Task item
The needed output is the run of lines below from the one containing "이번에는 그래픽카드의 성능을" through the one containing "Children play flag", copied exactly and free of pictures.

Supplied material

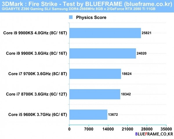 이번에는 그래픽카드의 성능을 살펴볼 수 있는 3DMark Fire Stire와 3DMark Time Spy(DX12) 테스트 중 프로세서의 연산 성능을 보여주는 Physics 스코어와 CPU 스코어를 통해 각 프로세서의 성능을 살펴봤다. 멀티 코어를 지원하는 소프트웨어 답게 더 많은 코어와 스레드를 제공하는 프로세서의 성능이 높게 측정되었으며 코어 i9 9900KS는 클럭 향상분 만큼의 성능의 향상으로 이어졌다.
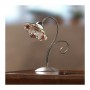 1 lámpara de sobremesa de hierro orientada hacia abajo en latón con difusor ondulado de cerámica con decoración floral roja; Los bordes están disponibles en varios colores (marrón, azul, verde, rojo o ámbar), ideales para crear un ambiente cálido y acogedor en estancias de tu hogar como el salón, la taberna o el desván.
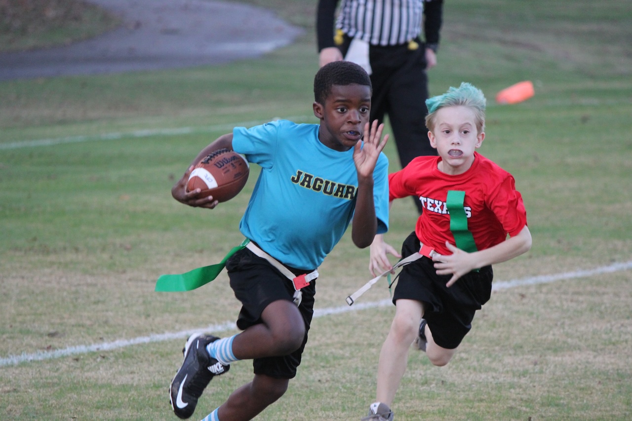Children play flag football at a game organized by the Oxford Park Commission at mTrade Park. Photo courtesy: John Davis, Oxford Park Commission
---
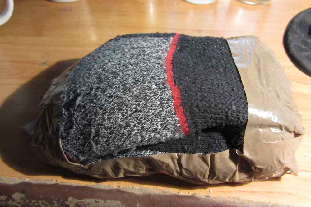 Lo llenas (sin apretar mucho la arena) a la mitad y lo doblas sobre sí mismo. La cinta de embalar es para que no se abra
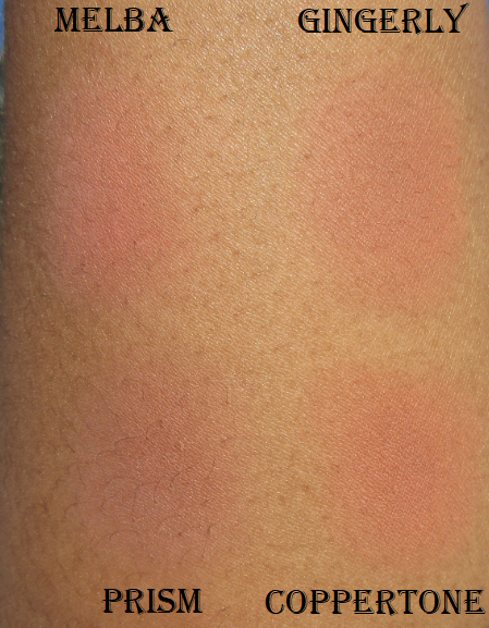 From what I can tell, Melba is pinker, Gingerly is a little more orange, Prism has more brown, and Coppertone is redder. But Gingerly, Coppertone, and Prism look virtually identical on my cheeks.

Answer to the exercise
 이번에는 그래픽카드의 성능을 살펴볼 수 있는 3DMark Fire Stire와 3DMark Time Spy(DX12) 테스트 중 프로세서의 연산 성능을 보여주는 Physics 스코어와 CPU 스코어를 통해 각 프로세서의 성능을 살펴봤다. 멀티 코어를 지원하는 소프트웨어 답게 더 많은 코어와 스레드를 제공하는 프로세서의 성능이 높게 측정되었으며 코어 i9 9900KS는 클럭 향상분 만큼의 성능의 향상으로 이어졌다.
 1 lámpara de sobremesa de hierro orientada hacia abajo en latón con difusor ondulado de cerámica con decoración floral roja; Los bordes están disponibles en varios colores (marrón, azul, verde, rojo o ámbar), ideales para crear un ambiente cálido y acogedor en estancias de tu hogar como el salón, la taberna o el desván.
Children play flag football at a game organized by the Oxford Park Commission at mTrade Park. Photo courtesy: John Davis, Oxford Park Commission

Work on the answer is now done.